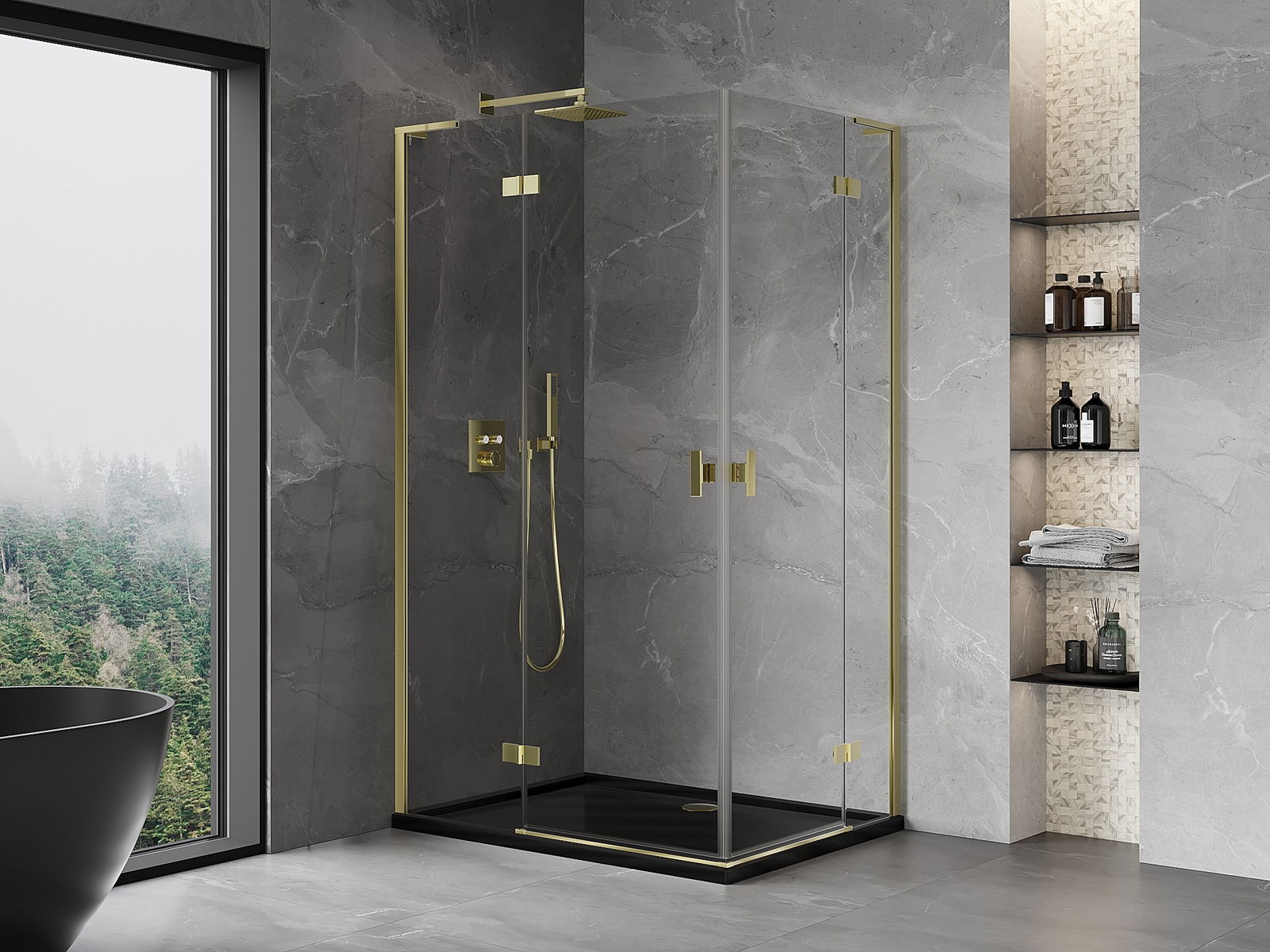 Mexen Mist-H L Dubbelduschkabin svängbar vänster 85 x 80 cm, transparent, guld - 8A5L-085L-080P-50-00
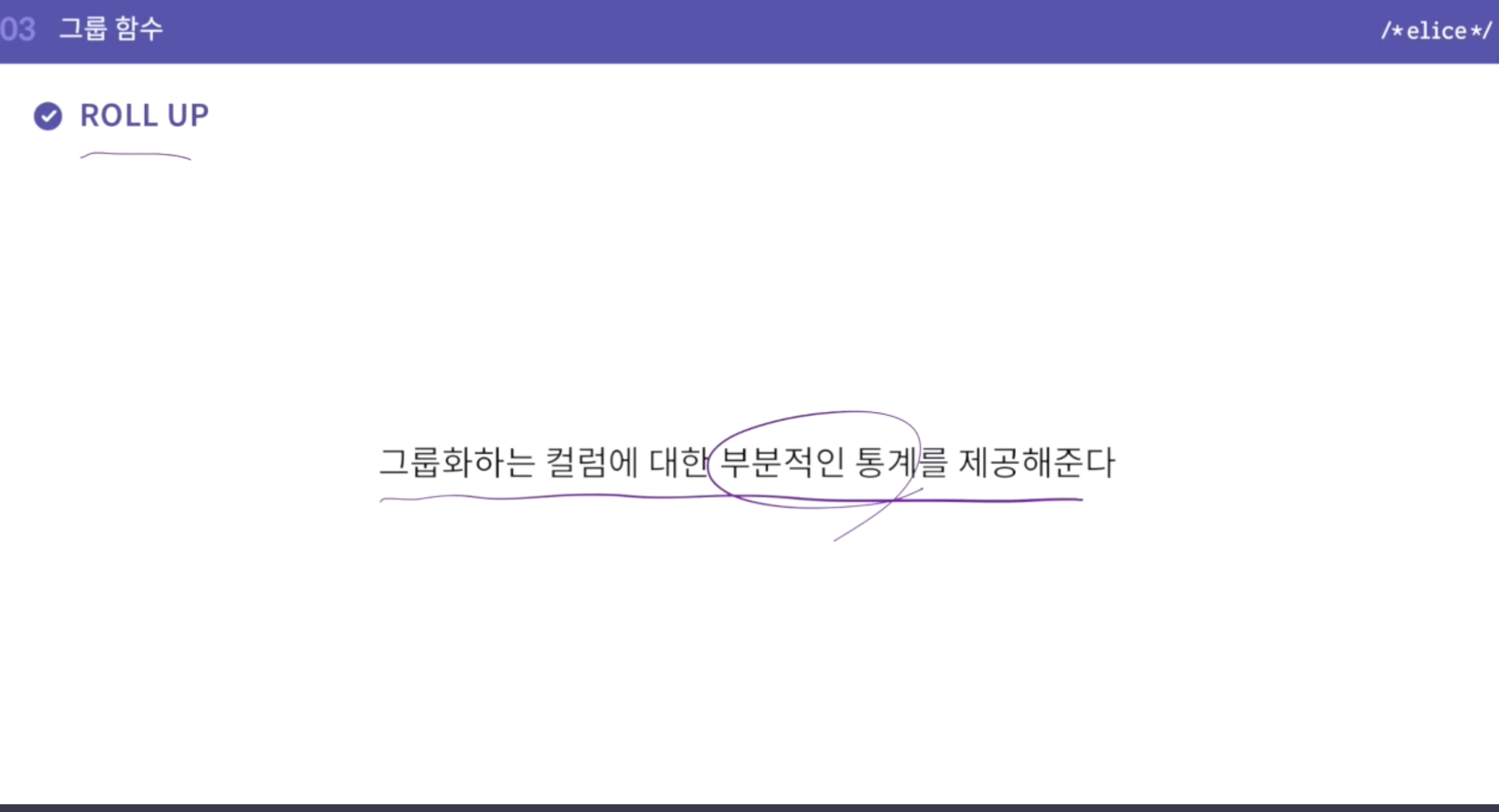 - rollup() 뒤에 오는 컬럼 명 순서가 중요함. 그것을 기준으로 나누는 것 .
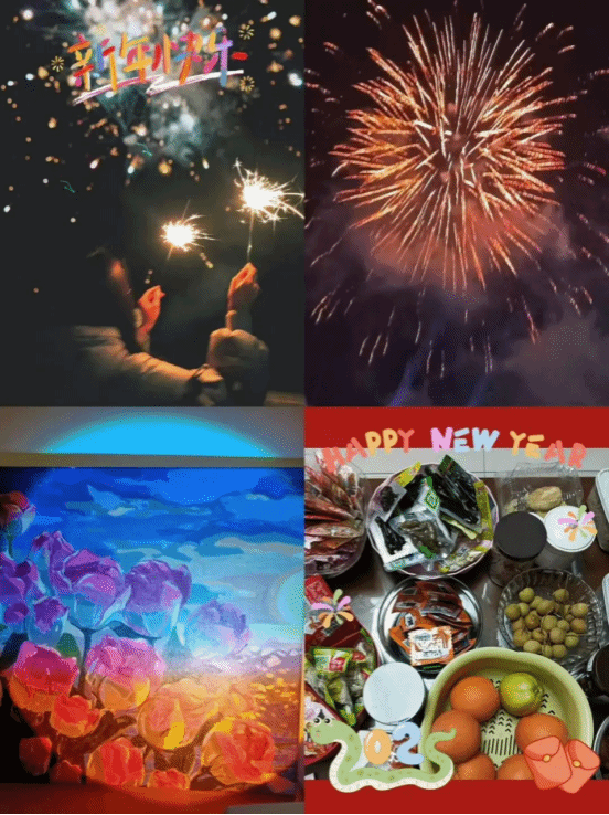 过年少不了的当然是年货啦,桌上摆满了琳琅满目的零食与水果,包装精美的小零食堆放在碗碟中,有散发着诱人香气的卤味、香脆的糕点等。一旁的水果新鲜饱满,圆润的龙眼、橙黄的橘子和翠绿的梨,仿佛在诉说着甜蜜与富足。新的一年,愿大家的生活像这满桌美食一样丰富多彩,甜蜜常伴。每一口滋味都是幸福的馈赠,每一份收获都如这新鲜的水果般丰硕。
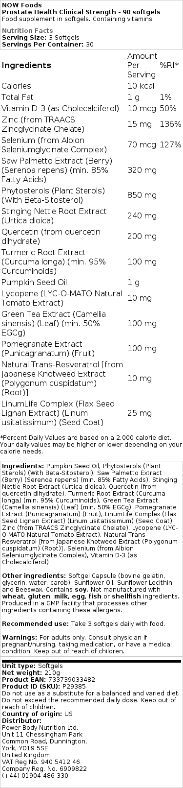 Sestavine: bučno olje, fitosteroli (z beta-sitosterolom), izvleček žagaste palme (jagode) (Serenoa repens) (min. 85 % maščobnih kislin), izvleček koprive (Urtica dioica), kvercetin (iz kvercetin dihidrata), izvleček kurkume ( Curcuma longa) (najmanj 95 % kurkuminoidov), izvleček zelenega čaja (Camellia sinensis) (list) (najmanj 50 % EGCg), izvleček granatnega jabolka (Punicagranatum) (sad), LinumLife Complex (laneno seme), izvleček lignana) (Linum usitatissimum ) (lupina semena), cink (iz TRAACS cinkovega glicinatnega kelata), likopen (LYC-O-MATO naravni izvleček paradižnika), naravni trans-resveratrol [iz izvlečka japonskega dresnika (Polygonum cuspidatum) (korenina)], selen (iz Albionovega selenijevega glicinata). Kompleks), vitamin D-3 (kot holekalciferol) Druge sestavine: mehka kapsula (goveja želatina, glicerin, voda, rožičev), sončnično olje, sončnični lecitin in čebelji vosek. Vsebuje sojo. Ni narejeno iz sestavin pšenice, glutena, mleka, jajc, rib ali školjk. Proizvedeno v obratu GMP, ki obdeluje druge sestavine, ki vsebujejo te alergene. Priporočena uporaba: Zaužijte 3 mehke kapsule dnevno s hrano. Opozorila: Samo za odrasle. Posvetujte se z zdravnikom, če ste noseči/dojite, jemljete zdravila ali imate zdravstveno stanje. Hraniti izven dosega otrok.
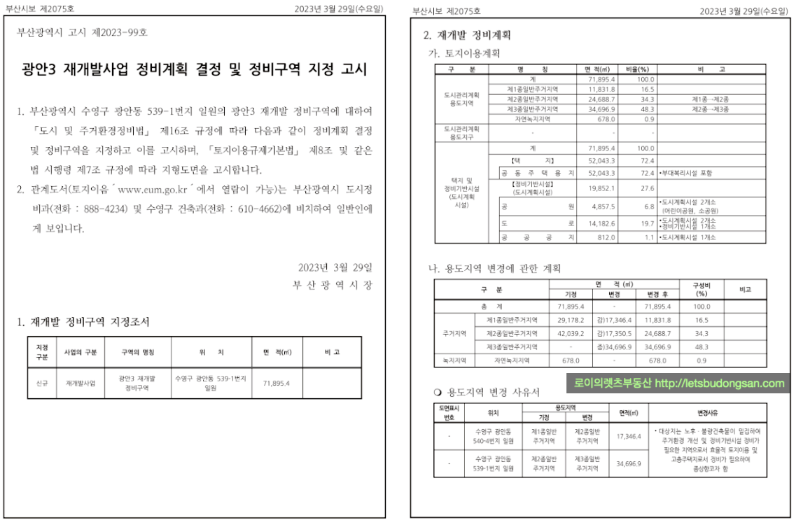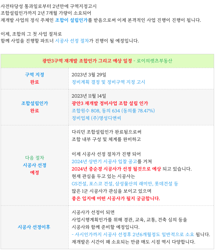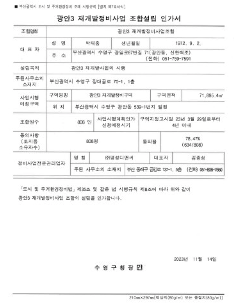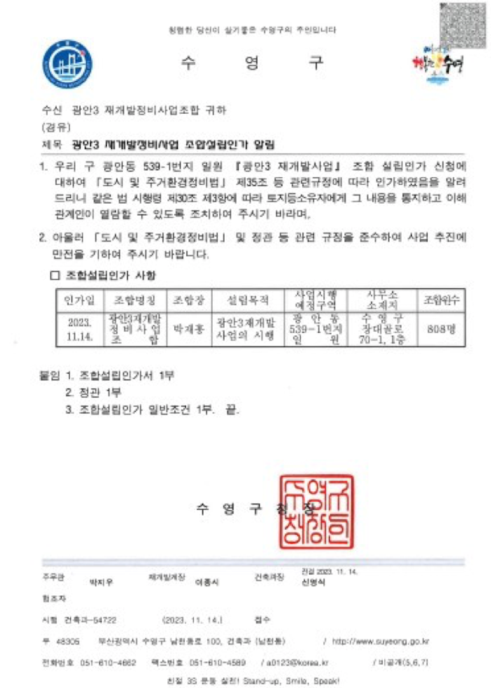 광안3구역 재개발 은 드디어 조합 설립 인가 를 득하였습니다.
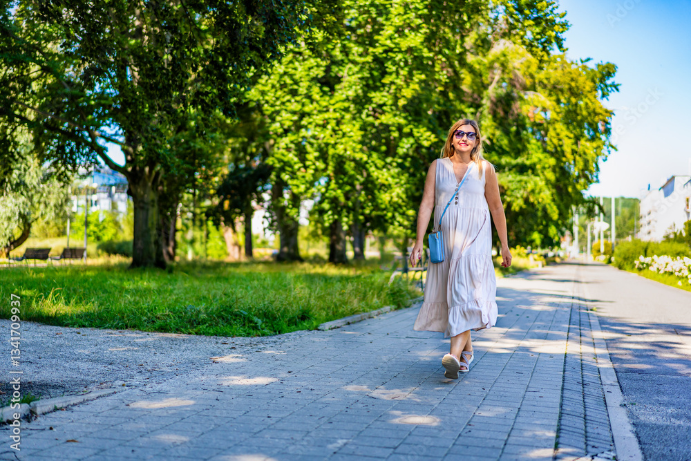 Beautiful middle-aged woman walking in city park in summertime. Front view

====================

THE TASK:
If a picture appears among the entries, omit it and reproduce everything else exactly.

ANSWER AREA:
 Mexen Mist-H L Dubbelduschkabin svängbar vänster 85 x 80 cm, transparent, guld - 8A5L-085L-080P-50-00
 - rollup() 뒤에 오는 컬럼 명 순서가 중요함. 그것을 기준으로 나누는 것 .
 过年少不了的当然是年货啦,桌上摆满了琳琅满目的零食与水果,包装精美的小零食堆放在碗碟中,有散发着诱人香气的卤味、香脆的糕点等。一旁的水果新鲜饱满,圆润的龙眼、橙黄的橘子和翠绿的梨,仿佛在诉说着甜蜜与富足。新的一年,愿大家的生活像这满桌美食一样丰富多彩,甜蜜常伴。每一口滋味都是幸福的馈赠,每一份收获都如这新鲜的水果般丰硕。
 Sestavine: bučno olje, fitosteroli (z beta-sitosterolom), izvleček žagaste palme (jagode) (Serenoa repens) (min. 85 % maščobnih kislin), izvleček koprive (Urtica dioica), kvercetin (iz kvercetin dihidrata), izvleček kurkume ( Curcuma longa) (najmanj 95 % kurkuminoidov), izvleček zelenega čaja (Camellia sinensis) (list) (najmanj 50 % EGCg), izvleček granatnega jabolka (Punicagranatum) (sad), LinumLife Complex (laneno seme), izvleček lignana) (Linum usitatissimum ) (lupina semena), cink (iz TRAACS cinkovega glicinatnega kelata), likopen (LYC-O-MATO naravni izvleček paradižnika), naravni trans-resveratrol [iz izvlečka japonskega dresnika (Polygonum cuspidatum) (korenina)], selen (iz Albionovega selenijevega glicinata). Kompleks), vitamin D-3 (kot holekalciferol) Druge sestavine: mehka kapsula (goveja želatina, glicerin, voda, rožičev), sončnično olje, sončnični lecitin in čebelji vosek. Vsebuje sojo. Ni narejeno iz sestavin pšenice, glutena, mleka, jajc, rib ali školjk. Proizvedeno v obratu GMP, ki obdeluje druge sestavine, ki vsebujejo te alergene. Priporočena uporaba: Zaužijte 3 mehke kapsule dnevno s hrano. Opozorila: Samo za odrasle. Posvetujte se z zdravnikom, če ste noseči/dojite, jemljete zdravila ali imate zdravstveno stanje. Hraniti izven dosega otrok.
 광안3구역 재개발 은 드디어 조합 설립 인가 를 득하였습니다.
 Beautiful middle-aged woman walking in city park in summertime. Front view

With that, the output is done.